I do not believe there is any technical obstacle to provide features the users of this platform want, but there is a seriously bad management of these products in terms of support and development. Many things are left out undocumented, many things are getting more and more obfuscated. Instead of providing a platform which can evolve and develop, we are fed with false promises, impossible to achieve features and buggy hardware. There are uncorrectable bugs which prevent the TX1 and TX2 to be used in our serious application and we are quite tired of working with such a black box.
I always wonder why manufacturers are unable to listen to their users and try to push out products which do not serve the market. If anybody reads this from NVidia, please make a change and start supporting the products properly. Open up the documentation, open up your secret bug/errata/workaround database. We want to use these products but the only one stopping us is unfortunately you, NVidia.
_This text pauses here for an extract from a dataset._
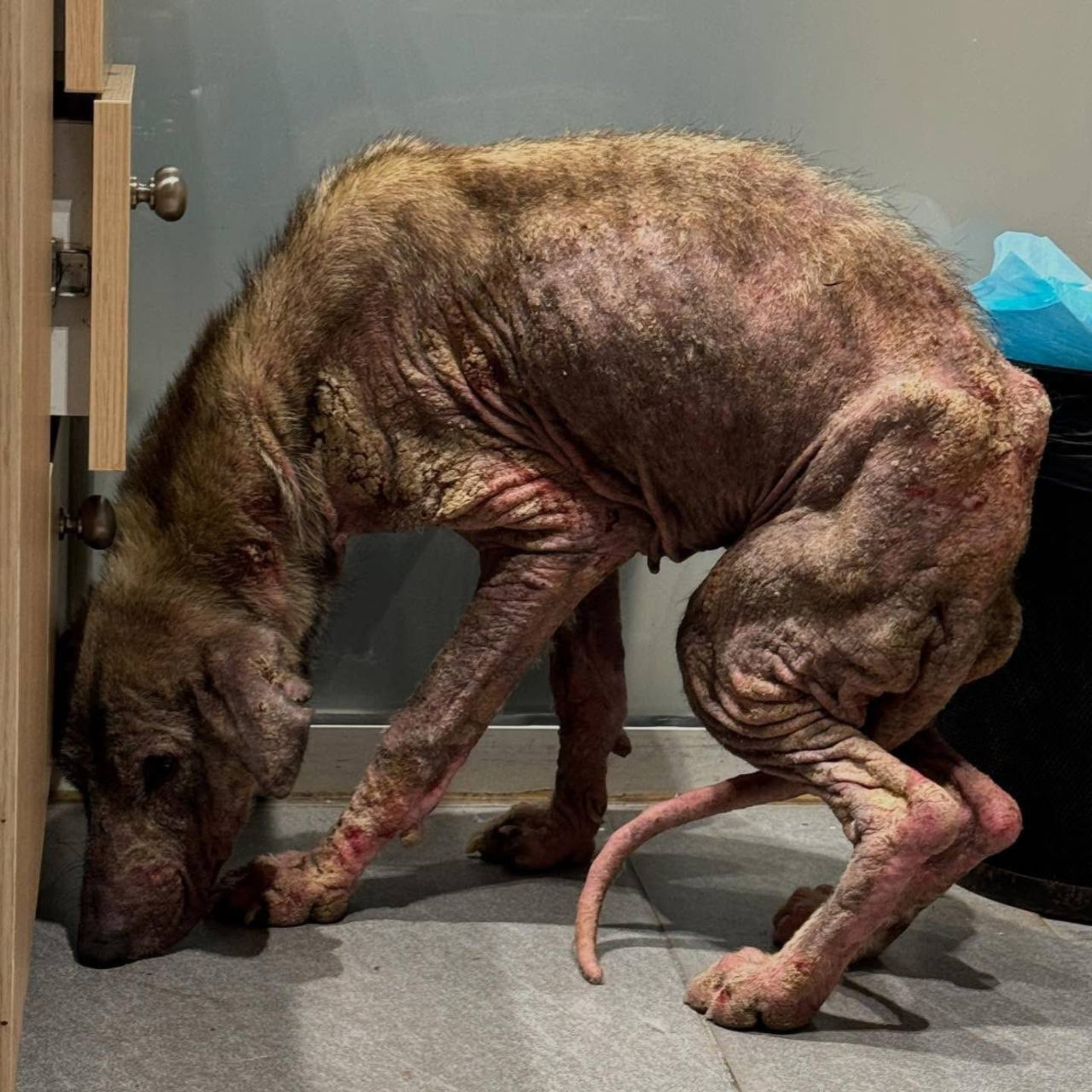 Gdy zobaczyli go zostawionego pod drzwiami, weterynarz Irina podeszła powoli i odkryła karton z psem w środku. Nie było żadnej notatki ani nazwiska; tylko chore ciało i pustka po tym, co było przedtem. Znaleziony był tej samej nocy — ktoś zostawił pudełko z nim przy wejściu. Nie poruszał głową, jedynie ogon osuwał się po kartonie, jakby przepraszał za swoje istnienie.
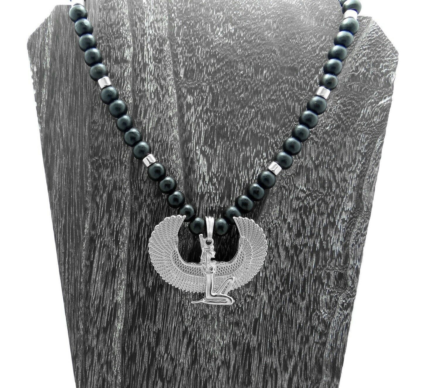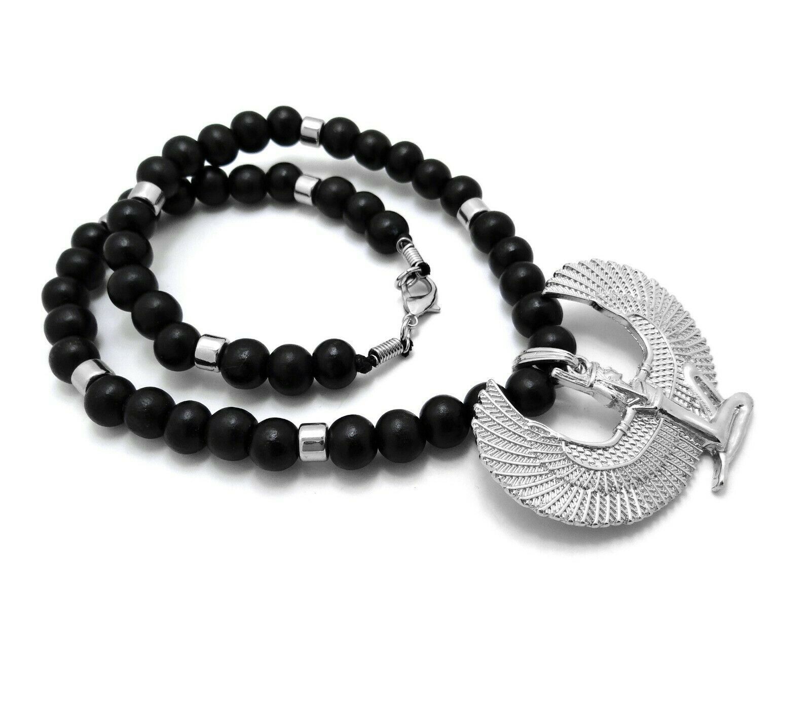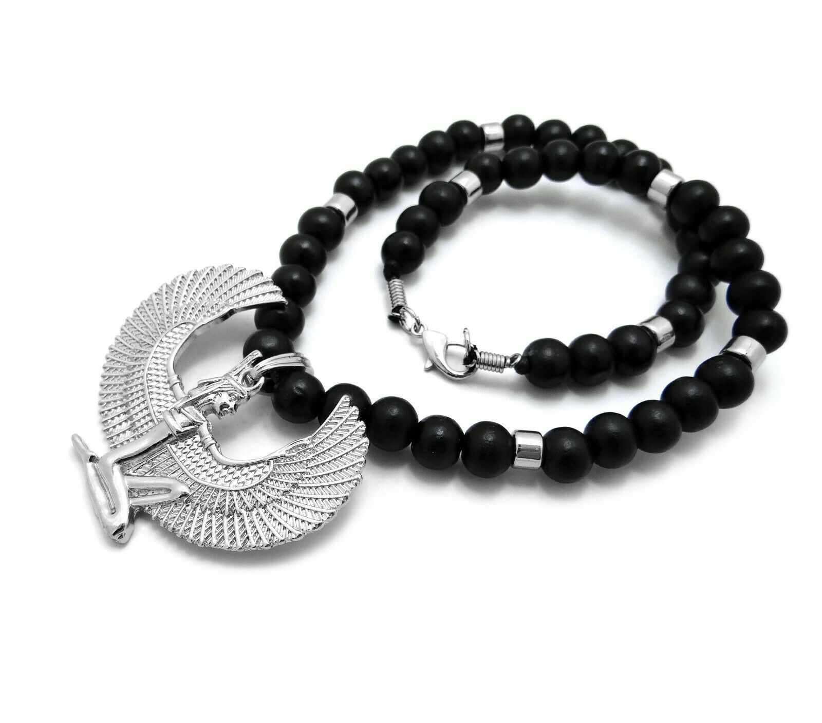 - Egyptian Goddess Isis with Wings Pendant Wooden Beaded Necklace

So far as I know the device tree is signed, which isn’t the same as encrypted. There is a question out on how to sign using open source tools…if that can be answered then dd of partitions will be practical again. I have not looked yet at the changes from R28.2 to R28.2.1, but I would guess that whatever major release comes next it’ll have more support for backup partitions which would make self flash safer (I see the dual list of partitions now, but I don’t think it is fully implemented with redundancy yet…but I could be wrong since I have not examined R28.2.1 yet).